Quasi un quarto delle persone con disabilità (25.4%) ha dovuto rinunciare ad iniziare un percorso di terapia psicologica a causa di barriere fisiche, logistiche, comunicative o culturali. A rilevarlo è una survey realizzata da Serenis e Fish (Federazione Italiana per i diritti delle persone con disabilità e famiglie), la quale ha evidenziato uno stato di urgente bisogno riguardo il benessere psicologico delle persone con disabilità e dei loro caregiver.

Il principale ostacolo all’accesso è risultato essere il costo economico, citato dal 73% dei rispondenti. Anche i caregiver mostrano una situazione di emergenza, con il 43% che ritiene il supporto psicologico fornito inadeguato o inaccessibile. Questi dati dimostrano un forte interesse per il benessere mentale che si scontra con una realtà di scarsa accessibilità ai servizi.

Bisogni e ostacoli

La ricerca, condotta da Serenis, centro medico online per il benessere mentale e fisico, e Fish, è stata realizzata con l’obiettivo di conoscere i bisogni specifici delle persone con disabilità per facilitare il loro percorso di inclusione e supporto psicologico.

Nonostante le barriere pratiche, la familiarità con il concetto di terapia psicologica è elevata: l’88.5% dei rispondenti con disabilità dichiara di averne sentito parlare. Tuttavia, questa consapevolezza non si traduce in pratica: meno della metà del campione ha usufruito di sessioni, sia in presenza (37.3%) che online (33.3%). Il dato più significativo è che oltre un quinto del campione (20.9%) ha espresso la volontà di intraprendere un percorso terapeutico, ma non l’ha ancora fatto, evidenziando un “bisogno ancora inespresso”.

“Per le persone con disabilità, il benessere psicologico è fondamentale, così come la consapevolezza dell’importanza dell’accesso al supporto psicologico. Ciò non è, però, sempre possibile a causa di barriere reali: il costo della terapia e la carenza di specialisti. È un bisogno forte che si scontra con una realtà di scarsa accessibilità. Per questo la Fish si impegna attivamente a promuovere soluzioni che garantiscano a tutti e a tutte il diritto a una buona salute mentale”, dichiara Vincenzo Falabella, Presidente della Fish.

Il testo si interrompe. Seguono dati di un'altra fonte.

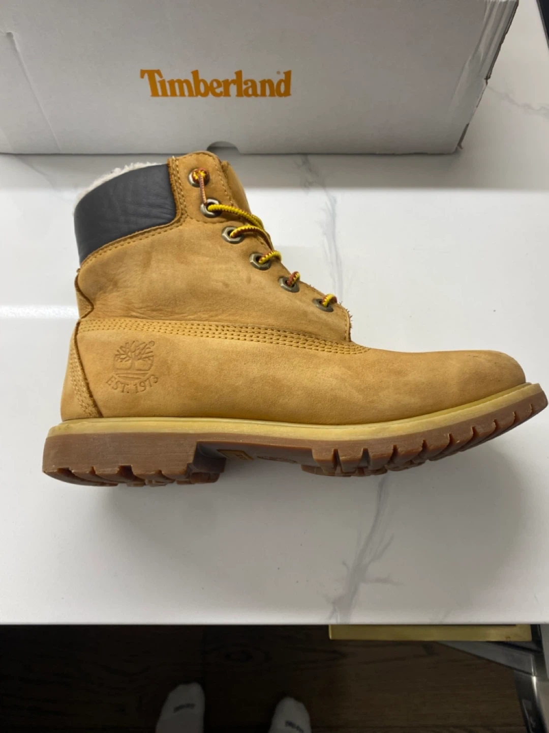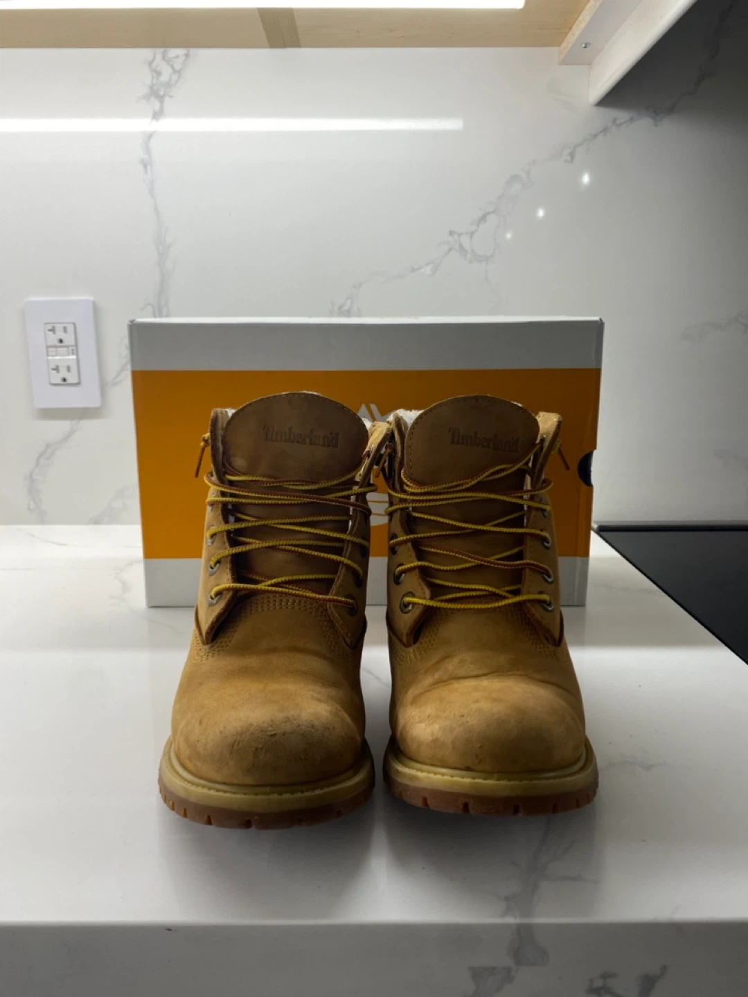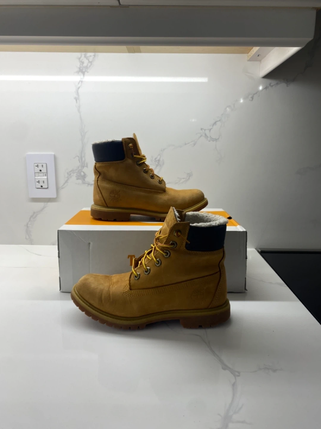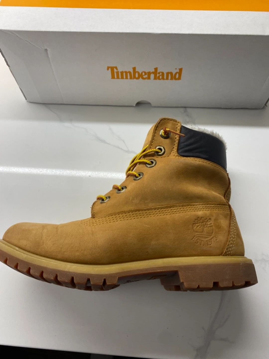 Selling a pair of Timberland boots in a size 6. They are in good condition and come with the original box. Perfect for the fall and winter weather!

Oltre al costo economico (73%), la survey ha individuato altri significativi ostacoli che limitano l’adozione pratica della terapia:
• L’indisponibilità nel proprio territorio di psicoterapeuti con competenze specifiche sulla disabilità (27.9%).
• La distanza fisica dagli studi terapeutici (22.6%).
• La scarsa informazione sulle opzioni disponibili (16.4%).

L’opportunità della terapia online

Le risposte raccolte mostrano una notevole fiducia nella terapia online, vista come un’alternativa flessibile in grado di adattarsi alle esigenze personali, superando le barriere logistiche e territoriali.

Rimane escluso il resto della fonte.